Furthermore, CAPSIF outperforms previous methods specifically tuned for carbohydrate binding. CAPSIF:V achieved a 0.599 MCC, and CAPSIF:G achieved a 0.538 MCC on the test dataset. Tsai et al., 2012’s method using probability density maps achieved a 0.45 MCC on their independent test dataset of 108 proteins, SPOT-Struc achieved a 0.45 MCC on their test dataset of 14 proteins (Zhao et al., 2014), and SPRINT-CBH achieved an MCC of 0.27 MCC on their test set of 158 proteins (Taherzadeh et al., 2016). Although these datasets differ from ours, ours is a similarly constructed nonhomologous dataset of 162 structures, and CAPSIF has a markedly stronger MCC. Although CAPSIF:V performs best, we advocate for using CAPSIF:V and CAPSIF:G in tandem to predict carbohydrate-binding residues because there are numerous cases where one CAPSIF model outperforms the other.
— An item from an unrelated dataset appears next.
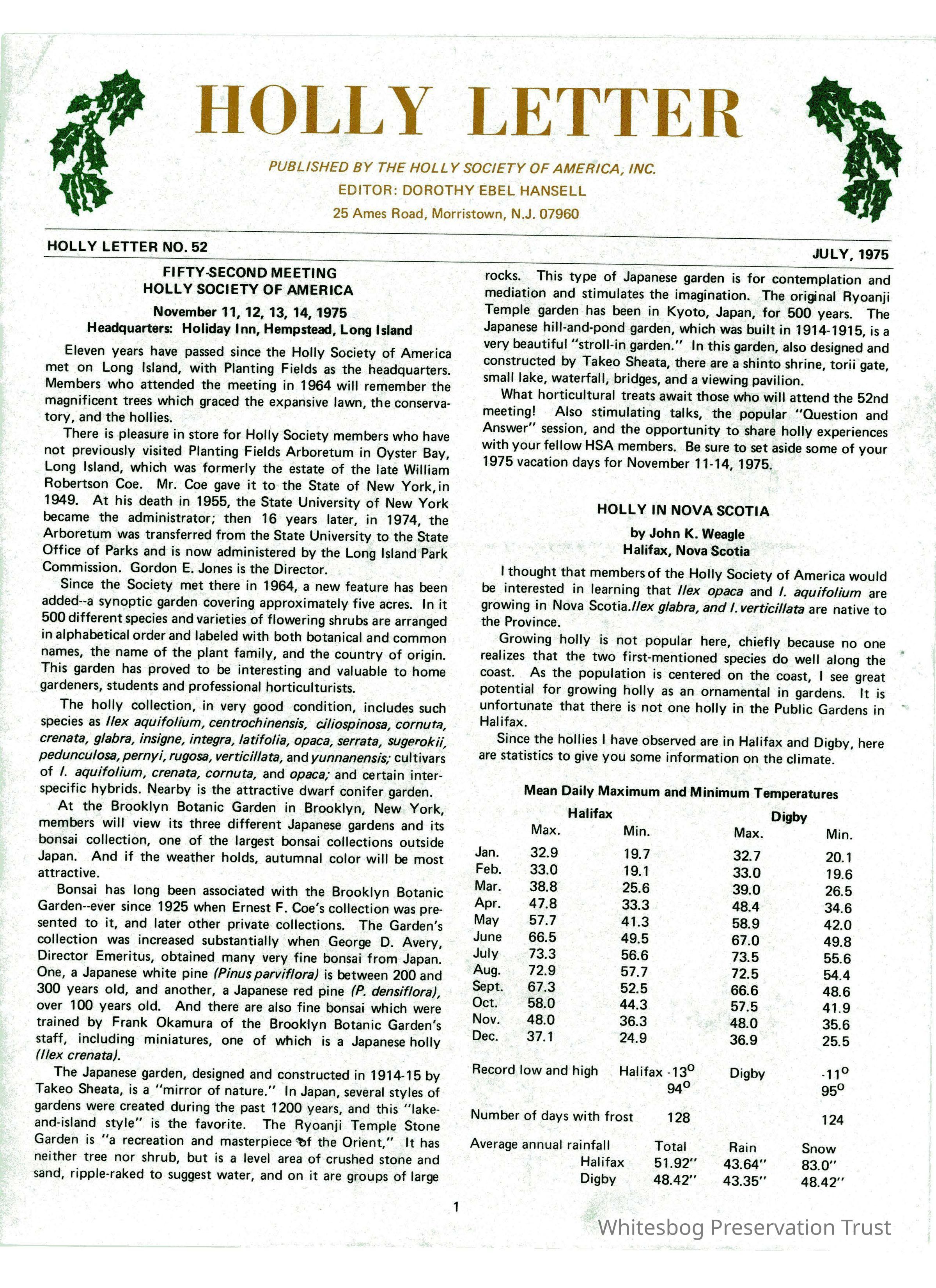 Most interesting information is a listing of varieties of American Holly with the source for each and a history of Wilfrid Wheeler and his farm.

Although CAPSIF accurately captures the protein–carbohydrate-binding interface, there are limitations. CAPSIF is carbohydrate-agnostic, so it only predicts that a protein residue will bind one of the 16 carbohydrate monomers. In other words, CAPSIF predicts the location of carbohydrate binding, but it does not predict which carbohydrate preferentially binds there. Furthermore, CAPSIF was only trained and tested on known non-covalent carbohydrate-binding proteins. Therefore, CAPSIF may not be informative on non-carbohydrate-binding proteins or proteins that bind glycoconjugates, such as ribose in nucleic acids, ATP/ADP, or GTP/GDP (Supplementary Figure S10). CAPSIF was trained on a small set of sixteen sugar residue types, and it will be most useful for non-modified sugar residues. Another limitation is that CAPSIF fails to predict any binding on about three times as many AF2-predicted structures as crystal structures. Unfortunately, CAPSIF prediction accuracy on AF2 structures is not correlated with pLDDT confidence metrics, so it is not possible to know when it will fail. Furthermore, CAPSIF was tested on AF2-predicted structures for proteins that already exist and may exist in the AF2 training set.
The scope of CAPSIF makes it well-suited for a computational pipeline. We suggest the use of DeepFRI (Gligorijević et al., 2021), a DL model that predicts protein function, to first determine whether it is a carbohydrate-binding protein. If it is a carbohydrate-binding protein, then LectinOracle (Lundstrøm et al., 2022) or GlyNet (Carpenter et al., 2022) can be used to predict which carbohydrates bind the protein. CAPSIF can then predict binding locations, either from an experimental structure or AF2-generated structures, and then GlycanDock (Nance et al., 2021) can predict a docked protein–carbohydrate structure.
We tested part of this pipeline by predicting the binding region using CAPSIF:V and docking the known carbohydrate binder to the region with GlycanDock (Nance et al., 2021). CAPSIF:V predicted binding sites on four of the five proteins. The antibody case, which failed, bound a carbohydrate at the complementary determining region (CDR) loops, split over two chains, but CAPSIF was trained only on single chain data. When the register was adjusted, each structure yielded a ligand RMSD less than 6 Å. We anticipated that a more well-tuned pipeline could yield higher accuracy structures ab initio from sequence only.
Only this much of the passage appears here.